Even after finetuning, our model's accuracy is still 0. An examination of the model's outputs reveals that it's still just rehashing the prompt.

In [None]:
print(test_results[1]["Model Output"])

Instruction: 

You are a specialist in playing 6-handed No Limit Texas Holdem. The following will be a game scenario and you need to make the optimal decision.

Here is a game summary:

The small blind is 0.5 chips and the big blind is 1 chips. Everyone started with 100 chips.
The player positions involved in this game are UTG, HJ, CO, BTN, SB, BB.
In this hand, your position is CO, and your holding is [Ace of Spade and Queen of Diamond].
Before the flop, HJ raise 2.0 chips, CO raise 6.5 chips, and HJ call. Assume that all other players that is not mentioned folded.
The flop comes Eight Of Heart, Eight Of Club, and Ten Of Club, then HJ check, CO bet 7 chips, HJ raise 16 chips, and CO call.
The turn comes King Of Club, then HJ check.
You currently have One Pair(One Pair, Eights with Ace, King, Queen kickers).

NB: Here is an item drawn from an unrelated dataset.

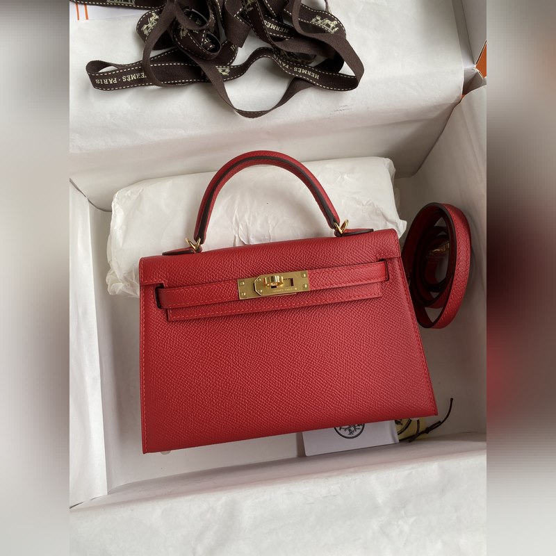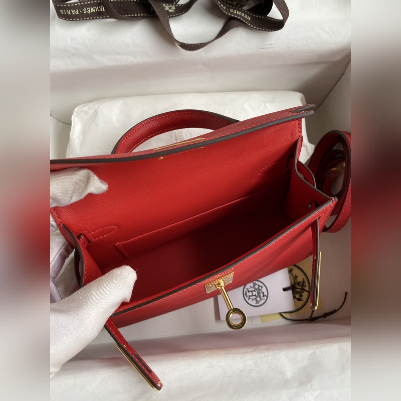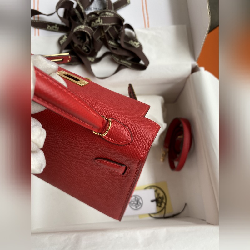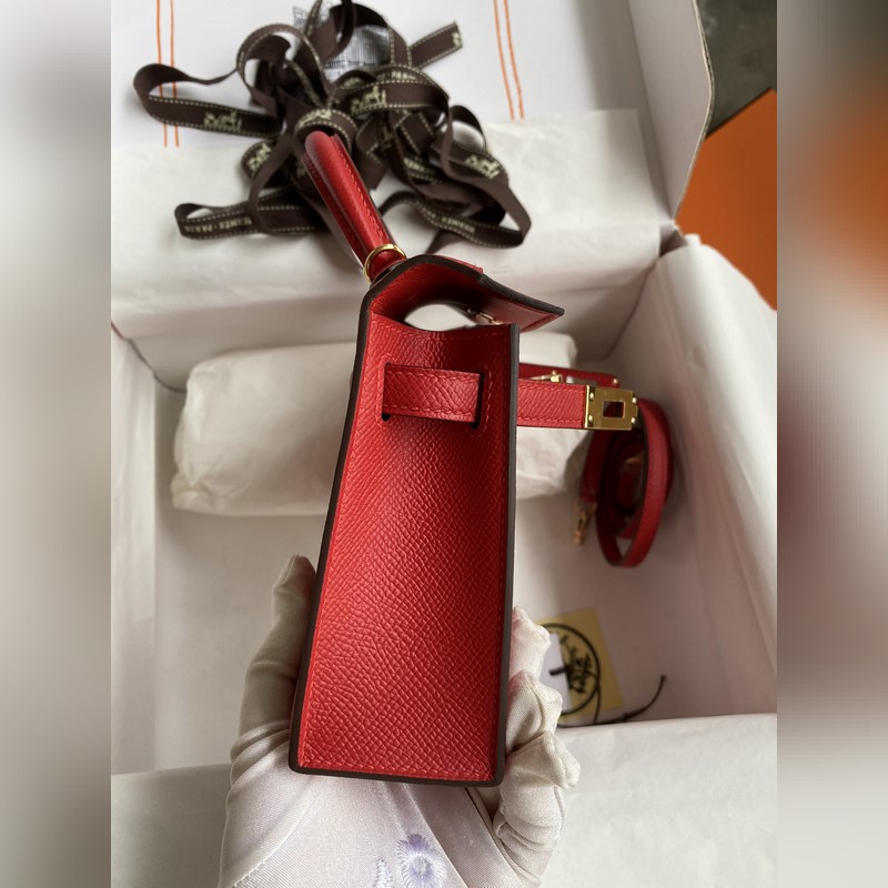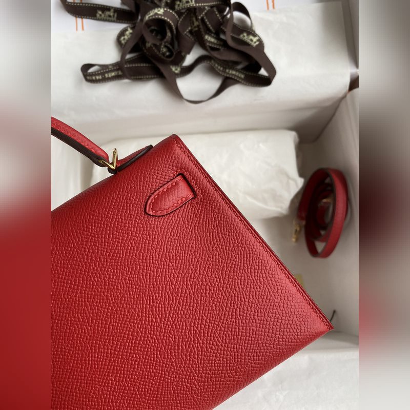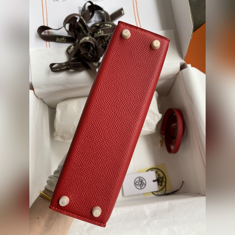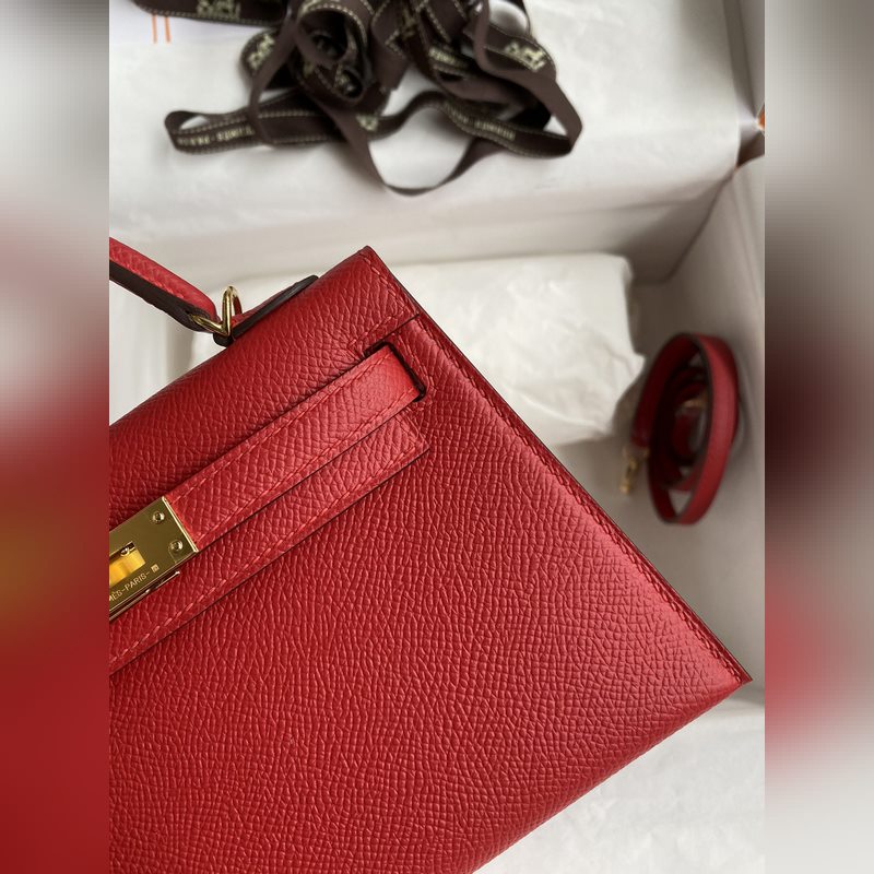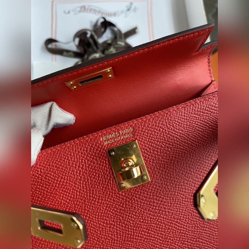 수제 미니 켈리 2세대 19cm 수입 에프솜 가죽 플래그 레드 골드 버클

Now it is your turn to make a move.
To remind you, the current pot size is 46.0 chips, and your holding is [Ace of Spade and Queen of Diamond]. You currently have One Pair.

Decid

In [None]:
print(test_results[0]["Expected Output"])

check


# Next Steps
* Our current experiments with GPT-2 have shown that it struggles with prompt comprehension and concise action generation. In contrast, larger models like GPT-4 perform significantly better in producing accurate single-word actions. To improve results, we should shift our testing to more powerful models, such as GPT-3.5, GPT-4, or other similarly scaled architectures (e.g., Falcon, Mistral, or LLaMA). This will allow us to better assess the impact of model size on performance.
* To experiment with larger models, we'll also need more access to computing resources. When making this proof of life notebook, we tried to experiment with falcon 7b, a larger LLM with 7 billion parameters (in comparison to GPT2's 1.5 billion). However, when we tried to load it in, colab ran out of RAM.
* We would also like to test peformance on reasoning models like Tinyzero and Ragen. Because these are reasoning models, they may be better at thinking through their decision than a standard language model like ChatGPT.